Бесспорно, Мона была звездой вечера. Остроумная, веселая, она буквально искрилась, завораживая присутствующих своим серебристым смехом и хорошим настроением. Разговоры, как водится на подобных вечерах, шли ни о чем и обо всем сразу.
Не успели начать одно, тут же перескакивали на другое, потом на третье, и так до бесконечности. Ближе к полуночи компания молодежи откровенно заскучала посыпались предложения отправиться на поиски новых развлечений. Мона тоже засобиралась домой. Она поднялась из-за стола, намереваясь уйти незамеченной, и застыла как вкопанная, превратившись на долю секунды в подобие каменного изваяния. Прямо в дверях стоял Алек. Как всегда, безупречно одет, как всегда, со скучающим видом пресыщенного жизнью человека он озирал толпу, улыбаясь своей неизменной сардонической усмешкой. В первый момент в глазах у Моны помутилось, и она почувствовала, что плывет куда-то вместе с кружащимися в танце вокруг нее парами. Но усилием воли она заставила себя осушить до дна бокал шампанского, после чего с вызовом глянула в его сторону, давая понять, что его появление замечено. Странное дело, но ничего не шевельнулось в ее душе.
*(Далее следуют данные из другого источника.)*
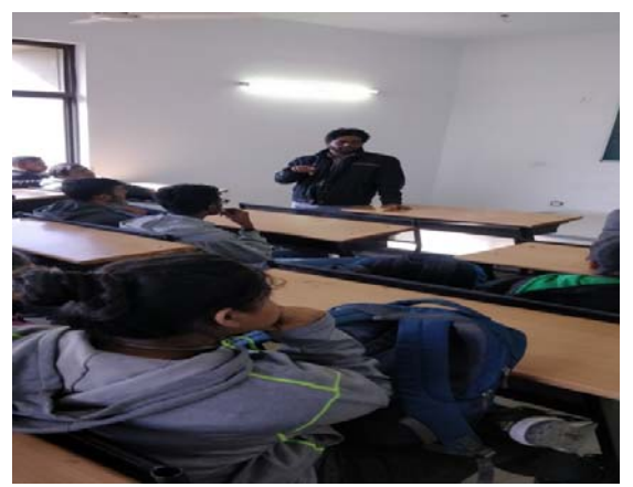
Explanation of Future technologies
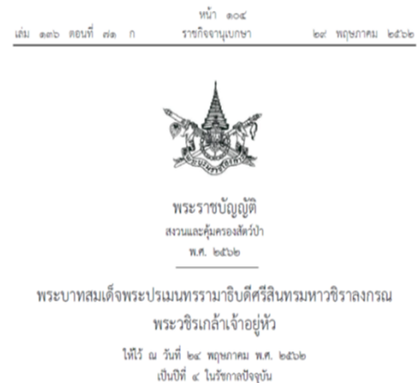
Thailand Wildlife Conservation and Protection Act, B.E. 2562 (2019)
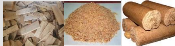
Wood processing residues
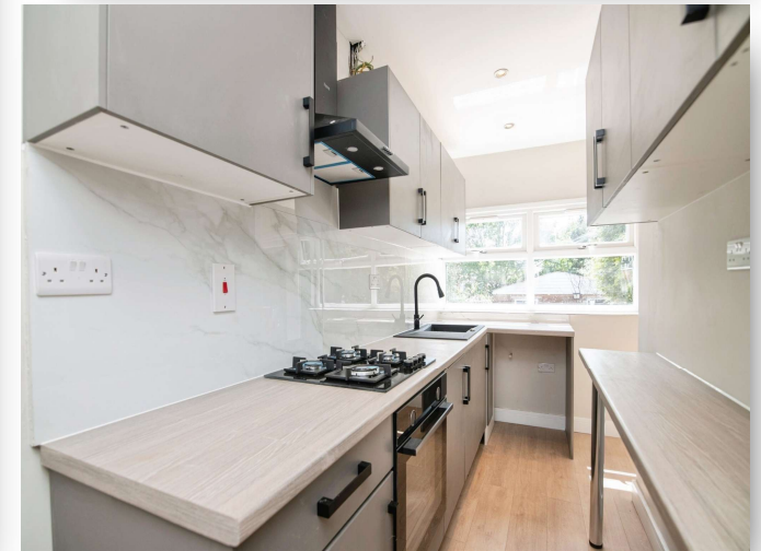
Wensleydale Road, Birmingham B42 1PJ
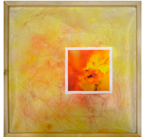
Cindy Shung, Blazing Thunder , 2022 Archival pigment print and watercolor on Mulberry paper, 24 x 24 inches (custom framed)

Contact: 713.524.8253 | gallery@cindylisica.com
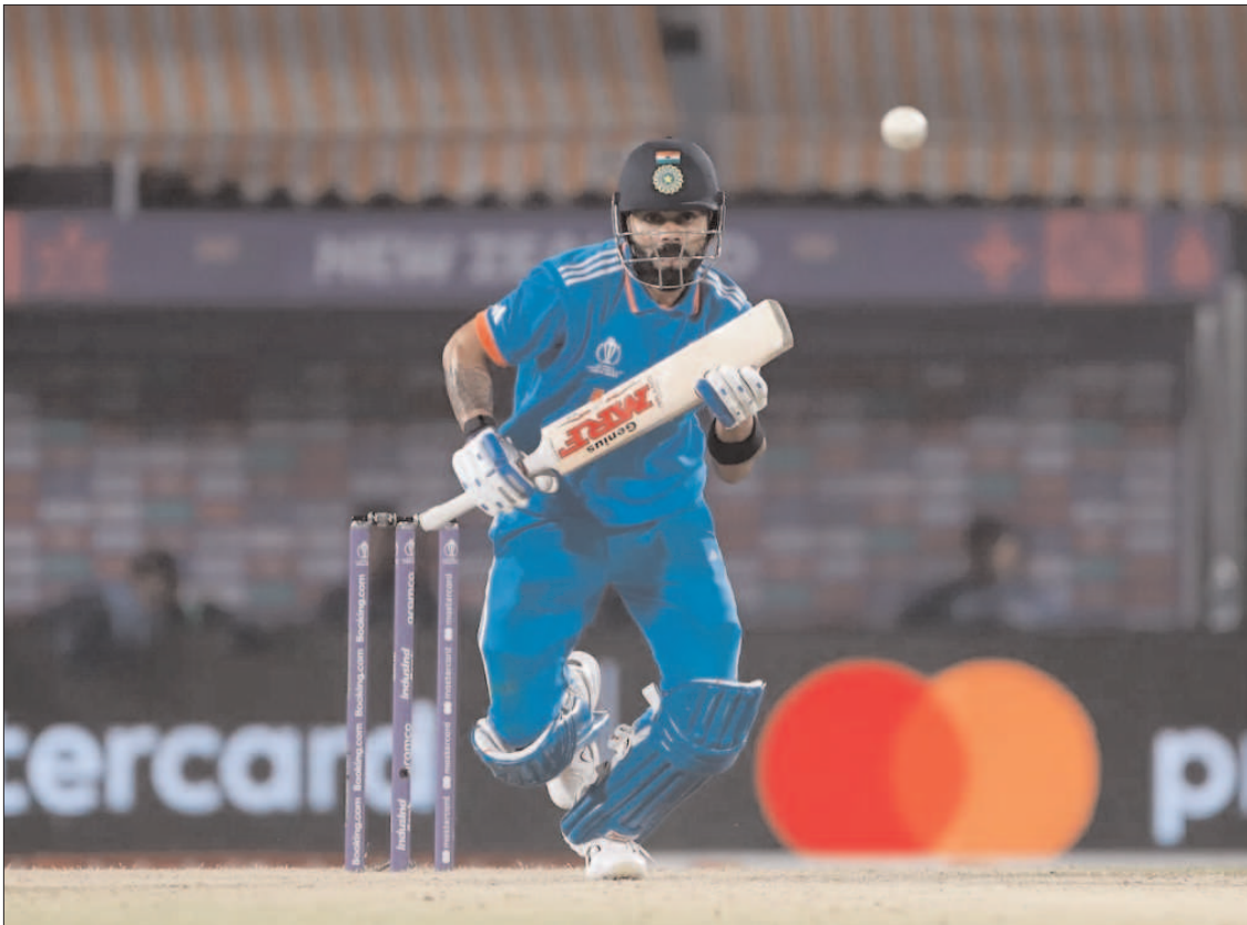
DHARAMSALA: Virat Kohli was in midst of another tense ODI chase.

– Мона! – воскликнул он чересчур приподнятым тоном, и его рука сжала ее руку в нежном рукопожатии. И снова никаких эмоций. Она ответила на его рукопожатие, словно заводная кукла, даже не задумываясь над тем, что делает, и немедленно принялась знакомить его с присутствующими. От ее внимания не ускользнуло то, с какой легкостью поддалась Сэлли чарам Алека. Словно во сне, она расслышала, как подруга приглашает его подсесть к их столику, и как он отвечает любезным согласием. И лишь когда, усевшись за стол, Алек повернулся к ней и спросил, отошла ли она от всех тех потрясений, которые свалились на их семью в последнее время, она почувствовала, что оцепенение спадает с нее. Он пристально посмотрел на нее и со своей уже знакомой ей слегка загадочной улыбкой задал следующий вопрос
– А как поживает наш замечательный муж, о, верная Ундина?